Efficient XML Interchange, EXI [9], adopted as a recommendation by the World Wide Web Consortium (W3C), relies on a binary representation of XML Information Set. It is designed to provide a considerable reduction on the size of the information in XML format (70–80 % as shown in [12]) and a high performance when encoding/decoding (6.7 times faster decoding and 2.4 times faster encoding according to  [4]). In EXI a XML document is represented by an EXI stream, which is composed of a header (containing encoding information) and a body (representing the data). Data are represented based on formal grammars to model redundancy. Interestingly, when the schema of the XML is available, EXI achieves better results.

In this work we propose an approach based on templates. Roughly speaking, templates are extracted from managed data model schema documents so that their representation can be replaced in the data model instance documents with a minimum number of references. The documents are then compressed (by using lossless compression) following a context based grammar. The templates are registered at running time and made available to the rest of the system. In order to manage the data model documents, nodes will go through a preliminary discovery phase, where required templates and identifiers are downloaded from its location.

Outline. The paper is structured as follows; Sect. 2 presents the basis for template based compression. Then, Sect. 3 discuss about the dissemination of the templates in the system. A brief performance study compared to EXI is presented in Sect. 4. Finally, Sect. 5 presents the conclusions of the paper and future work.

2 Template Based Compression

Formatted data models can be represented by a tree graph encapsulating the links between the elements and the attributes of those links (such as the cardinality of the children showed in Fig. 1). In this work we define a grammar that is able to describe the links between the elements and templates that compose a formatted data model as well as the rules to follow in order to apply the grammar for efficient encoding and decoding. The proposed method is intended to be generic and not tied to a specific data description format (such as XML or JSON).

Fig. 1.
figure 1

Formatted data model tree example. The numbers in the links denote the cardinality: “1” one child, “1..*” one to many children, “0..1” none or one child (optional).

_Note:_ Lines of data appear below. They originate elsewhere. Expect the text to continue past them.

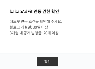 연동조건이 어려운 것은 아니지만, 과거에는 없던 부분이라 아쉬웠다. 여기서 포기하기는 아쉬워 카카오 애드핏을 직접 방문해서 가입했다. 생각보다 쉽게 가입과 승인이 완료되었다. 카카오 애드핏에 직접 가입하고 싶다면 아래 링크를 참조하기 바란다.
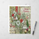 The design is built on a stunning collage of rich reds and varied greens, combining patchwork squares on the left with vintage sheet music on the right. The center features an abundant arrangement of red and creamy white poinsettias, snow-dusted foliage, and delicate white swirls.
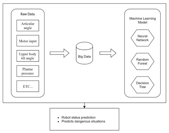 If a machine-learning algorithm is executed based on the data generated by the wearable robot, the data used for analysis are uploaded back to the cloud server, and the learning data are reflected in the machine-learning algorithm. This feedback learning structure is shown in Figure 7.
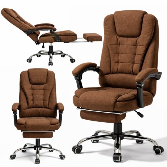 Fotel biurowy obrotowy BOSS z podnóżkiem - brązowy MATERIAŁ KO22BR-MAT
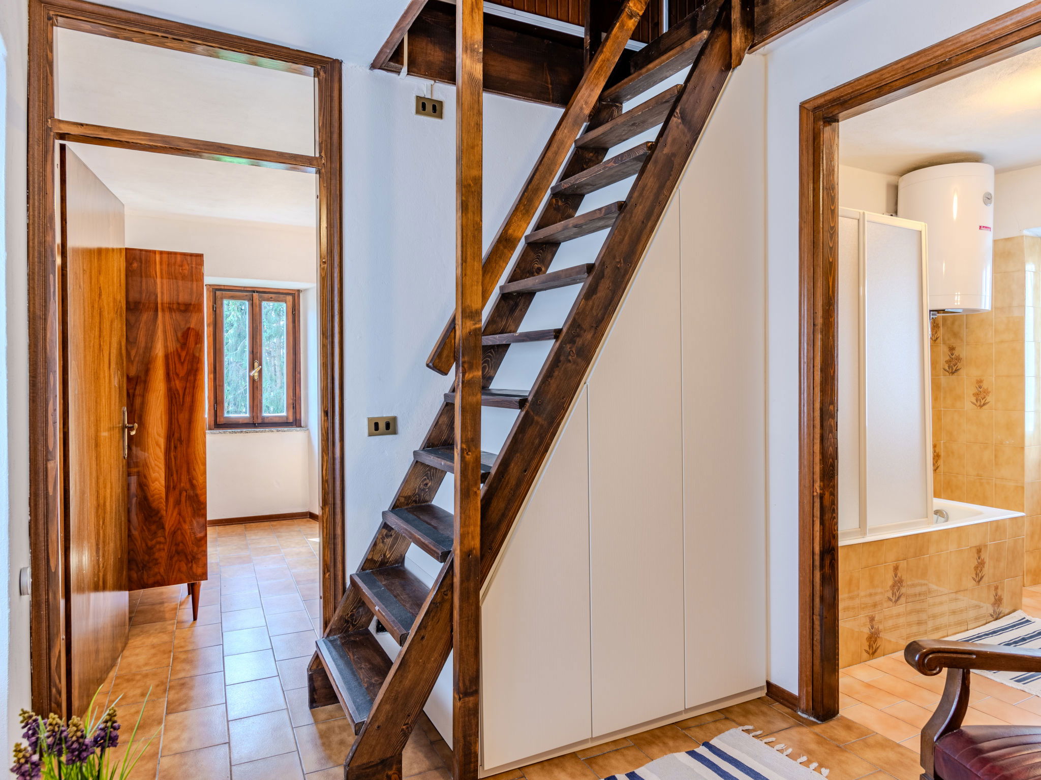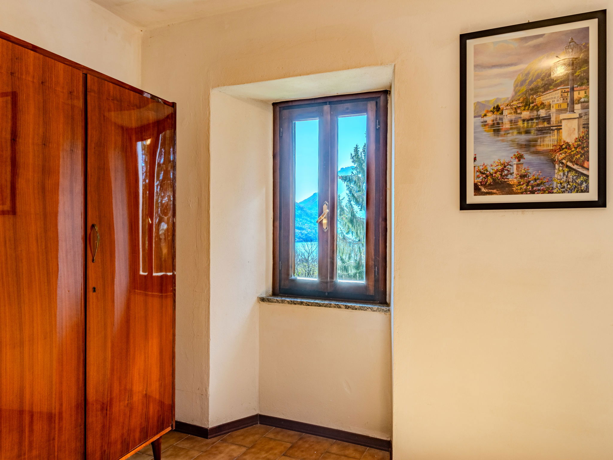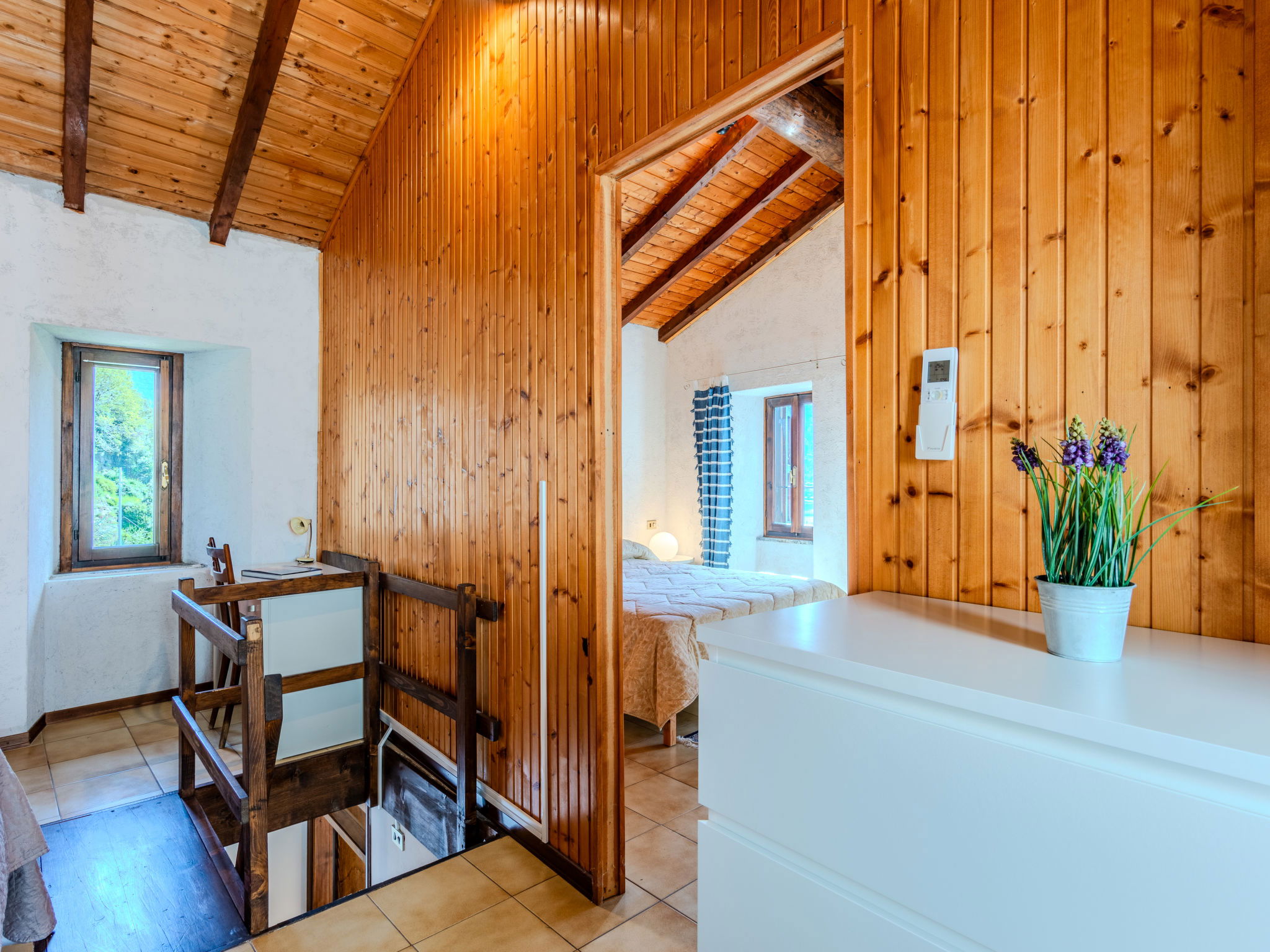 Cosy "rustico" cottage "Casa Sul Torrente", 3 storeys, surrounded by trees. Above Rezzonico, in the hamlet Roncate 1.5 km from the centre of Rezzonico-San Siro, 43 km from the centre of Como, 36 km from the centre of Lugano, in an elevated position on a slope, in the residential district, 1.5 km from the lake, 10 m from the stream, in the countryside. Private: natural state property with lawn and wildlife garden. In the house: air conditioning. 100 m long narrow motor access. 50 m footpath (5 steps) to the house. Public parking 50 m. Grocery 1.3 km, supermarket 8 km, restaurant 1.3 km, bar 2 km, bus stop "C10 (Como-Menaggio-Colico)" 1 km, railway station "Como" 43 km, ferry "Menaggio" 9 km, sandy beach "Lido di Menaggio" 8 km pebble beach "Rezzonico" 1.3 km (small), grass beach "Lido di San Siro" 2 km. Marina 3.5 km, golf course (18 hole) 13 km, surf school 3.5 km, sailing school 3.5 km, minigolf 8 km. Nearby attractions: Museo Barca Lariana-Pianello del Lario, Palazzo Gallio, Bellagio, Menaggio, Varenna, Villa Carlotta-Tremezzo. Well-known lakes can easily be reached: Lago di Lugano, Lago di Mezzola. Please note: car recommended. Nightclub/disco 800 m from the property.

Each data model is described by a specific schema. This schema is used to extract the generic tree graph that is independent of the schema’s original representation format. The tree graph is represented by a Schema Context that contains all the relevant schema information including elements and links. The generic grammar is used to process the Schema Context and execute the encoding and decoding processes. A set of generic rules is defined to map a schema into a Schema Context. However, these rules have to be specifically implemented for each data format type as the mapping of the schema to a Schema Context is data format specific.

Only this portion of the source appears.